··· Records for this exercise

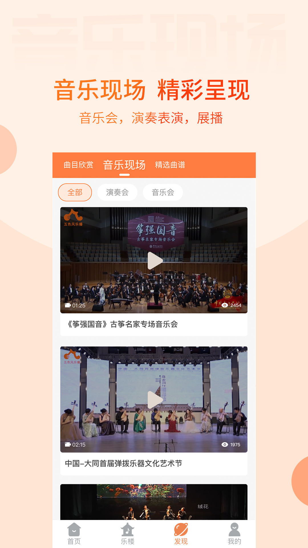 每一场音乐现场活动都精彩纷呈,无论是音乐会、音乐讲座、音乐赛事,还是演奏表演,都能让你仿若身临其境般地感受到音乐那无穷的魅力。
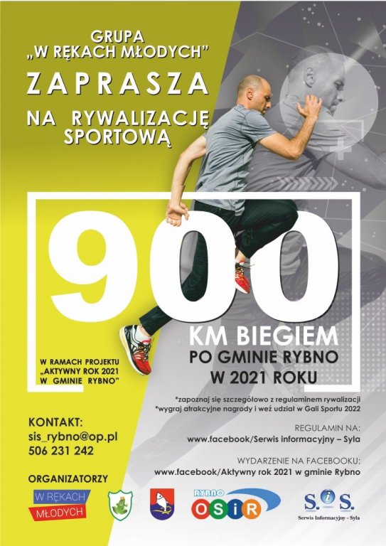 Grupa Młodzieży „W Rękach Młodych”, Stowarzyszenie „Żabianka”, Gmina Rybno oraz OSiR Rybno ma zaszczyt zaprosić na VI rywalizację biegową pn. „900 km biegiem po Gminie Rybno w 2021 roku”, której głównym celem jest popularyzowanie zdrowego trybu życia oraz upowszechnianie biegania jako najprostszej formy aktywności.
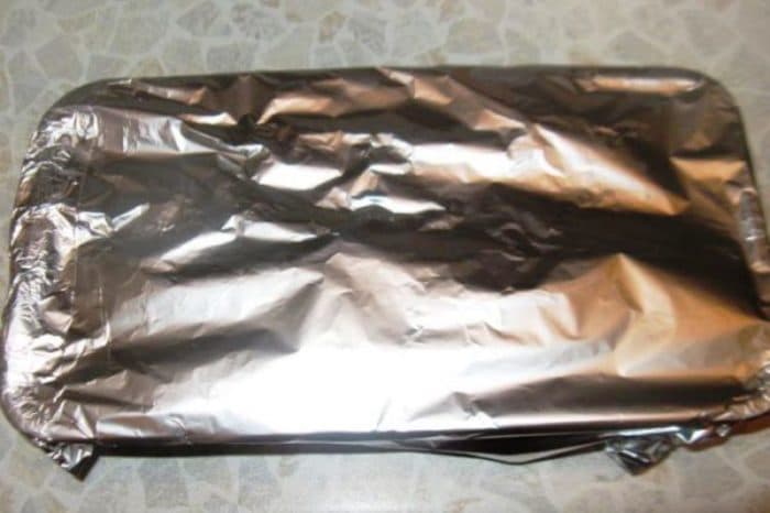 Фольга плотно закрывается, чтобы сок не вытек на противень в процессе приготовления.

······
··· Records for this exercise

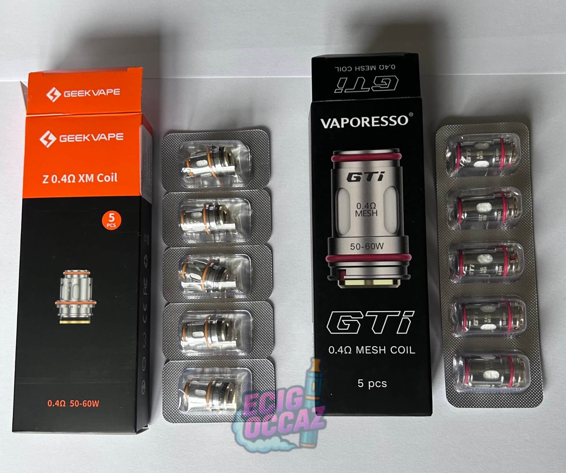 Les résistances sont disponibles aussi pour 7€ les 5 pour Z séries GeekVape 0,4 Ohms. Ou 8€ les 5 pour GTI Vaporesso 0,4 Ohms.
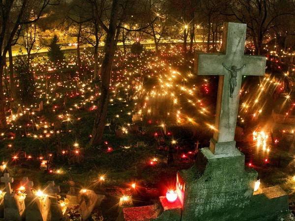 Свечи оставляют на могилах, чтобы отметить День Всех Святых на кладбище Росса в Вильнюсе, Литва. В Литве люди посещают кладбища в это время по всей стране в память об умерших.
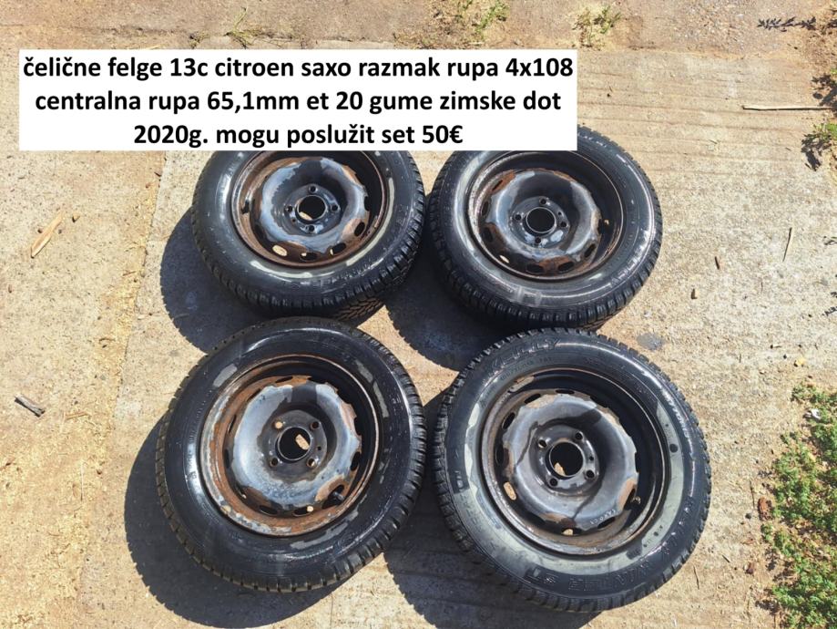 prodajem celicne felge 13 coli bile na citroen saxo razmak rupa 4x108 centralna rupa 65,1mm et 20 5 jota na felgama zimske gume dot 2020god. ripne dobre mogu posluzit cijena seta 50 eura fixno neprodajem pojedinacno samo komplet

······
··· Records for this exercise

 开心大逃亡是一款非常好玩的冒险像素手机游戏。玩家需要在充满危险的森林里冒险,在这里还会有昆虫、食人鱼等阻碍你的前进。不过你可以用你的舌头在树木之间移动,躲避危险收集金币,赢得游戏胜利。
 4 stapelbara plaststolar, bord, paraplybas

······

_Work item_
Would you output only the span of the records above that opens with the line containing "Grupa Młodzieży „W" and closes with the line containing "Фольга плотно закрывается, чтобы", ends included and pictures dropped?

_Exercise solution_
 Grupa Młodzieży „W Rękach Młodych”, Stowarzyszenie „Żabianka”, Gmina Rybno oraz OSiR Rybno ma zaszczyt zaprosić na VI rywalizację biegową pn. „900 km biegiem po Gminie Rybno w 2021 roku”, której głównym celem jest popularyzowanie zdrowego trybu życia oraz upowszechnianie biegania jako najprostszej formy aktywności.
 Фольга плотно закрывается, чтобы сок не вытек на противень в процессе приготовления.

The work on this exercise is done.